First time our return back to the top bl after reset:
write16(0x20000FFC,0x0027)
write16(0x20000FFE,0x0800)
The remaining times it is the same return address but we need N number of them on the stack for the code to work as written.
write16(0x20000FF4,0x003B)
write16(0x20000FF6,0x0800)
write16(0x20000FEC,0x003B)
write16(0x20000FEE,0x0800)
write16(0x20000FE4,0x003B)
write16(0x20000FE6,0x0800)
write16(0x20000FDC,0x003B)
write16(0x20000FDE,0x0800)
So as we unwind this we have those five addresses on the stack now.
read16(0x20000FDC)=0x003B
read16(0x20000FDE)=0x0800
...
read16(0x20000FFC)=0x0027
read16(0x20000FFE)=0x0800
In general bl modifies lr and places the return address on the stack (the above is thumb code not arm code but covers your questions as they work the same in this respect). so if you are nesting calls one() calls two(), two() calls three() for two() to get back to one() lr needs to be saved in two() so that it can be used, if you don't save lr then the call to three() changes lr and we can't get back.
If your recursion wants to use bl (looks like compiled code) for purity, and you want a way for that function, factorial in your example test in mine, to be able to return to the original caller then those two facts combine to having to push lr on the stack. If you want to bl to the top of the recursive function, the same entry point that the outside caller used then every call will be adding lr to the stack, and every return needs to pull it back off.

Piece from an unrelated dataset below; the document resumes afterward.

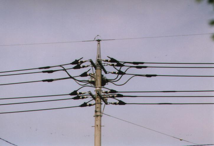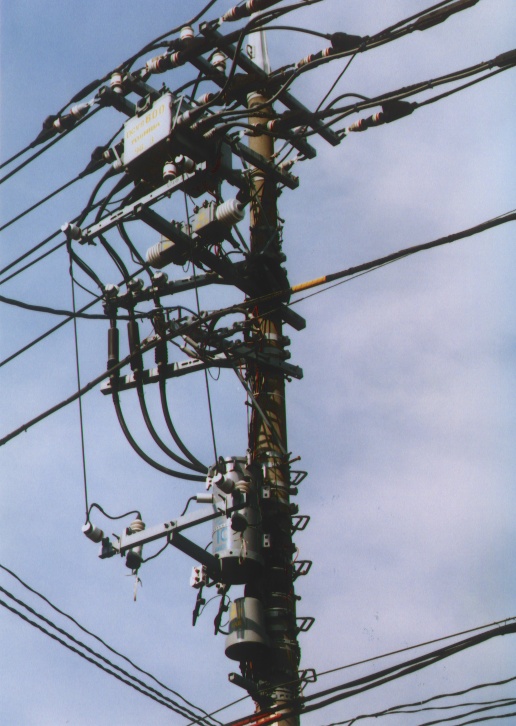下の写真のように下段の高圧配電線が高圧開閉器で区分されている。

If you want to do some hand assembly to modify it and it doesn't call the same entry point you can get rid of the bl and the stack stuff.
test:
push {r3,lr}
test1:
cmp r0,#0
beq test2
sub r0,#1
b test1
test2:
pop {r3,pc}
can even leave the bl in there
test:
push {r3,lr}
test1:
cmp r0,#0
beq test2
sub r0,#1
bl test1
test2:
pop {r3,pc}
but if you want to return each time then breaking the loop has to be done differently. I don't have a solution off hand that uses bl and returns but is able to break out of the loop at the right time.